Utilization of murine colonoscopy for orthotopic implantation of colorectal cancer

Abstract

Background: Colorectal-cancer (CRC) research has greatly benefited from the availability of small animal tumor models. Spontaneous and chemically-induced CRC models are widely used yet limited in their resemblance to human disease and are often prolonged, not accurately repetitive, and associated with inflammatory side effects. In-situ murine or human tumor implantation in the gastrointestinal tract of mice is extremely challenging, and limited by inter-animal variability and procedure-related complications and mortality. As a result, in frequent studies CRC is implanted in distal sites, most commonly the subcutaneous region, an approach that is greatly limited by the absence of normal gastrointestinal tumor milieu and has substantial effects on tumor development.

Aims: In this study we aimed to develop a well-tolerated repetitive tool to study CRC in small animals by adapting the murine colonoscopy system to serve as a platform for colonic sub-mucosal orthotopic implantation of human and murine CRC tumor cells.

Results: We report the establishment of a novel small-animal CRC model that is minimally invasive, rapid, well-tolerated, highly reproducible, and confers precise control of tumor number, location and growth rate. Moreover, we show that this model uniquely allows the side-by-side induction of distinct genetically manipulated tumors, enabling the mechanistic study of tumor interaction and cross-talk within the native intestinal microenvironment.

Conclusions: Employment of this new approach may represent a major technical advance for the in-vivo study of CRC.

Figure 1. Orthotopic induction of CRC using the mouse colonoscopy system.

(A) Colonoscopy image presenting colonic sub-mucosal injection of India-ink dye in C57BL/6 mouse for the assessment of the appropriate injection volume and its distribution at the colonic lamina propria. (B) Representative colonoscopy images indicating the progressive development of CRC tumor within the same C57BL/6 mouse following orthotopic implantation of 1×10⁵ MC38 CRC cells from day 5, through day 12 to day 19. (C–D) Representative image of histology specimen stained with hematoxyline and eosin (H&E) and isolated from colonic injection site at day 14 following injection of 1×10⁵ MC38 CRC cells. Magnifications: C- [x40], D – [x100]. Note the boundary area between the tumor and the adjacent normal mucosa and the projection of the tumor through the epithelial layer into the lumen. (E) Representative image showing H&E staining of histology specimen of murine-CRC tumor generated 5 days following orthotopic implantation of MC38 CRC tumor cells into C57BL/6 mice (Magnification x40). (F) Fluorescent microscopic image showing GFP labeled tumor cells and their dissemination through the epithelial layer toward the lumen (Magnification x100). Data are representative of three independent experiments.

Figure 2. Absolute control on growth kinetics of orthotopically induced tumors.

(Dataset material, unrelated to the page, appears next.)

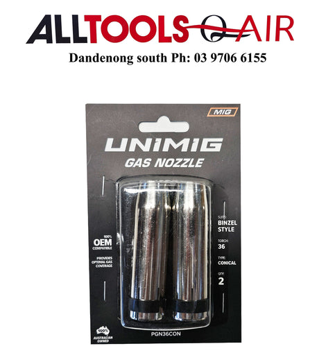 UNIMIG Binzel style gas nozzles are essential for MIG welding, they are designed to provide you with optimal gas coverage. These nozzles are built with a copper frame, steel brushed metal and chrome plating to ensure maximum durability and extended consumable life.

(A) Representative colonoscopy images demonstrating the correlation between amount of injected MC38 tumor cells and the size of the established CRC tumor 3 weeks following orthotopic tumor cell implantation. (B) Graphs summarizing the growth kinetics, circumference percentage and developmental grade of colonic tumor in correlation to the amount of injected MC38 CRC cells. Note the rapid establishment of grade 5 tumors already 2 weeks following implantation of only 1×10⁵ MC38-CRC cells. Each group consisted of 5 mice.

Figure 3. Orthotopic induction of distinct genetically manipulated CRC tumors.

(A) Color-coded representative image of whole body bioluminescence optical imaging of BALB/c mice 2 weeks following sub-mucosal injection of PBS^-/- (left mouse) or 1×10⁵ CT26 CRC tumor cells expressing luciferase and 10 minutes following i.p injection of D-Luciferin. Note the luminescence emission specifically from the area of injected CRC tumor cells (right mouse). (B) Upper left panel – fluorescent stereo-microscopic image overlaid on a photo graphic image of recipient C57BL/6 mouse colon 3 weeks following its orthotopic injection with MC38 CRC cells that were genetically manipulated by lentiviral reporter system to express RFP, magnification x10. Down left panel – colonoscopy image of C57BL/6 mouse colon following orthotopic implantation of 2 adjacent MC38 CRC tumor cells; MC38-RFP (red arrow) and MC38-GFP (green arrow). Right panel - fluorescent stereo-microscopic image overlaid on a photo graphic image of recipient C57BL/6 mouse opened colon 2 weeks following side-by-side orthotopic injection of MC38-RFP (distal) and MC38-GFP (proximal) CRC tumor cells, magnification x10. Note the induction of 2 adjacent CRC tumors that differ only by the expression of the transduced reporter gene. Data are representative of three independent experiments.